Data entries:
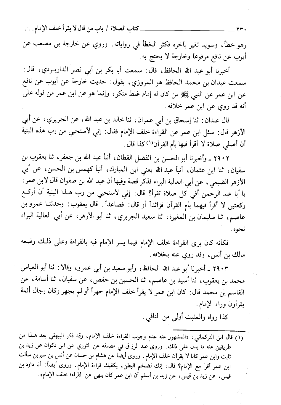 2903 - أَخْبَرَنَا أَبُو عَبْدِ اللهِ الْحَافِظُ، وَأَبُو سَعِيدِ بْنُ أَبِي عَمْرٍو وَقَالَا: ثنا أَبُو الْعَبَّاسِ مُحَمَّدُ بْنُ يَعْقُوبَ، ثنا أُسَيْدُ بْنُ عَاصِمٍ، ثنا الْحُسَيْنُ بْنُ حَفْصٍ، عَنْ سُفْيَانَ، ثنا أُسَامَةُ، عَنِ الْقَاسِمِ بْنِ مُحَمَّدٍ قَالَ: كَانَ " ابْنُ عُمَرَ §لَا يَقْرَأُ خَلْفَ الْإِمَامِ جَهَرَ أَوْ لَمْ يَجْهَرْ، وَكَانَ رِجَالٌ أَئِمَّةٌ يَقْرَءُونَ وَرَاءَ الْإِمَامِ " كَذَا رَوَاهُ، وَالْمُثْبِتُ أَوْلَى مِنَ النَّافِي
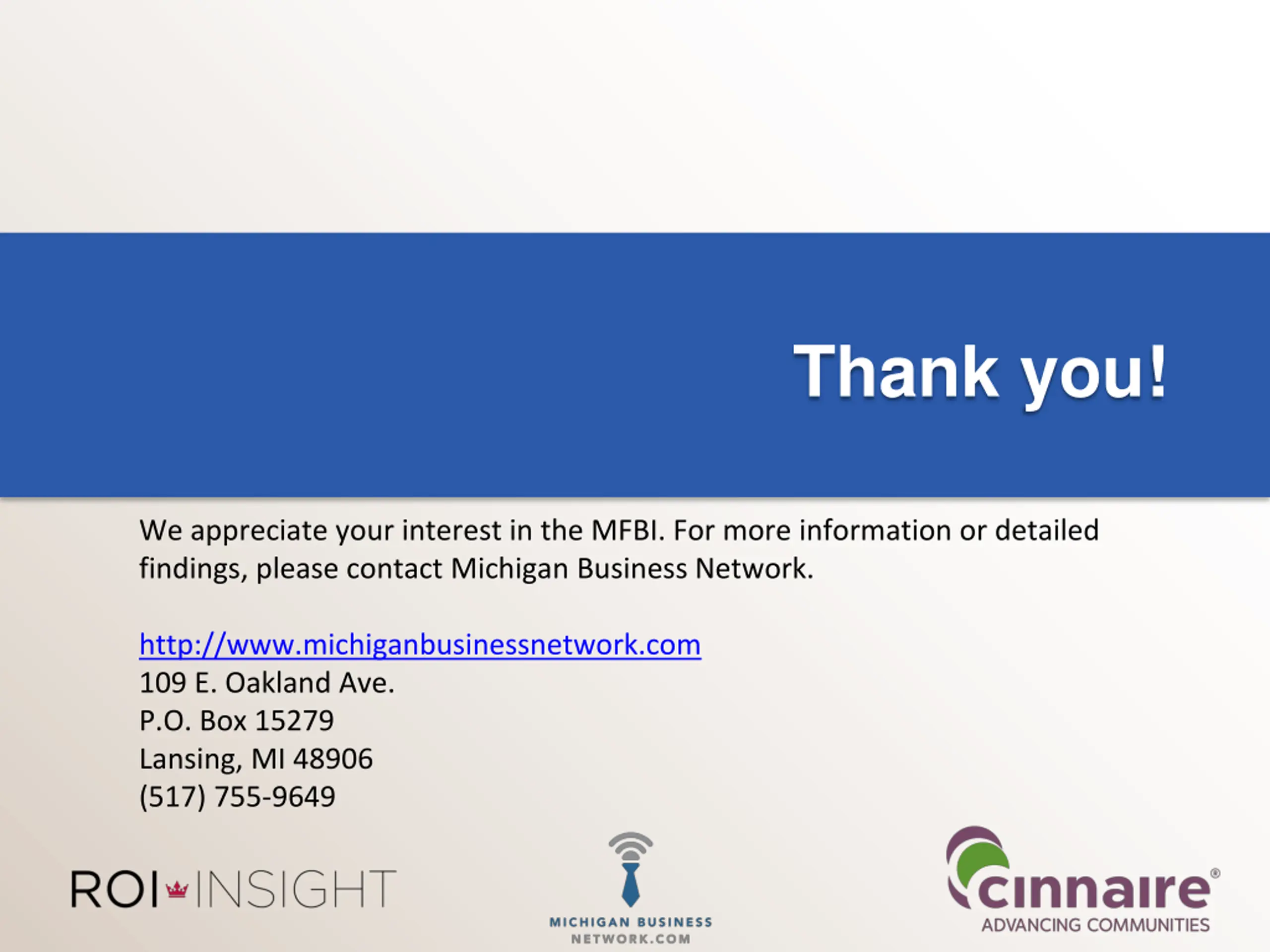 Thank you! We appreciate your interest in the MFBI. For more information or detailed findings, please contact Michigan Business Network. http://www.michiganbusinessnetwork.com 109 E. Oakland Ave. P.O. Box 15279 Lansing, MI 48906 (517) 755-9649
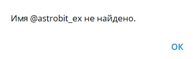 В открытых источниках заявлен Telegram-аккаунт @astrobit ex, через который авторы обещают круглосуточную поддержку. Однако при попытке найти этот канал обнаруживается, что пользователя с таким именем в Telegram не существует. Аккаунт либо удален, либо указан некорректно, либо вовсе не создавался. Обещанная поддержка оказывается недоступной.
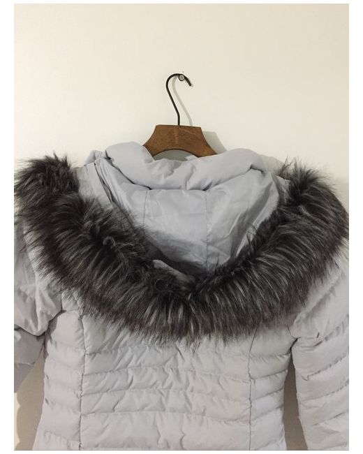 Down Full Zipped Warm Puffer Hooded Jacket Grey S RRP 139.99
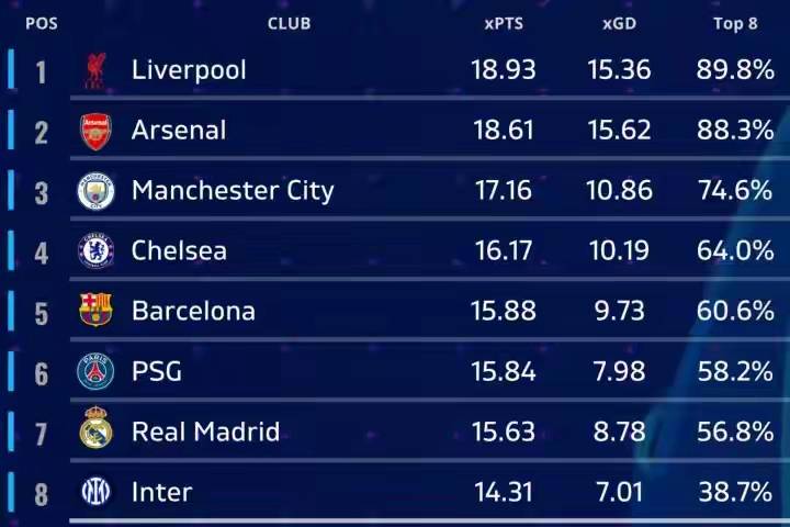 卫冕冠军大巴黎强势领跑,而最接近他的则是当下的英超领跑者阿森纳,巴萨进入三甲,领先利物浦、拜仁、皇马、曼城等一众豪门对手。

**What the exercise asks**
Set the pictures aside and reproduce the data above exactly.

**Answer space**
 2903 - أَخْبَرَنَا أَبُو عَبْدِ اللهِ الْحَافِظُ، وَأَبُو سَعِيدِ بْنُ أَبِي عَمْرٍو وَقَالَا: ثنا أَبُو الْعَبَّاسِ مُحَمَّدُ بْنُ يَعْقُوبَ، ثنا أُسَيْدُ بْنُ عَاصِمٍ، ثنا الْحُسَيْنُ بْنُ حَفْصٍ، عَنْ سُفْيَانَ، ثنا أُسَامَةُ، عَنِ الْقَاسِمِ بْنِ مُحَمَّدٍ قَالَ: كَانَ " ابْنُ عُمَرَ §لَا يَقْرَأُ خَلْفَ الْإِمَامِ جَهَرَ أَوْ لَمْ يَجْهَرْ، وَكَانَ رِجَالٌ أَئِمَّةٌ يَقْرَءُونَ وَرَاءَ الْإِمَامِ " كَذَا رَوَاهُ، وَالْمُثْبِتُ أَوْلَى مِنَ النَّافِي
 Thank you! We appreciate your interest in the MFBI. For more information or detailed findings, please contact Michigan Business Network. http://www.michiganbusinessnetwork.com 109 E. Oakland Ave. P.O. Box 15279 Lansing, MI 48906 (517) 755-9649
 В открытых источниках заявлен Telegram-аккаунт @astrobit ex, через который авторы обещают круглосуточную поддержку. Однако при попытке найти этот канал обнаруживается, что пользователя с таким именем в Telegram не существует. Аккаунт либо удален, либо указан некорректно, либо вовсе не создавался. Обещанная поддержка оказывается недоступной.
 Down Full Zipped Warm Puffer Hooded Jacket Grey S RRP 139.99
 卫冕冠军大巴黎强势领跑,而最接近他的则是当下的英超领跑者阿森纳,巴萨进入三甲,领先利物浦、拜仁、皇马、曼城等一众豪门对手。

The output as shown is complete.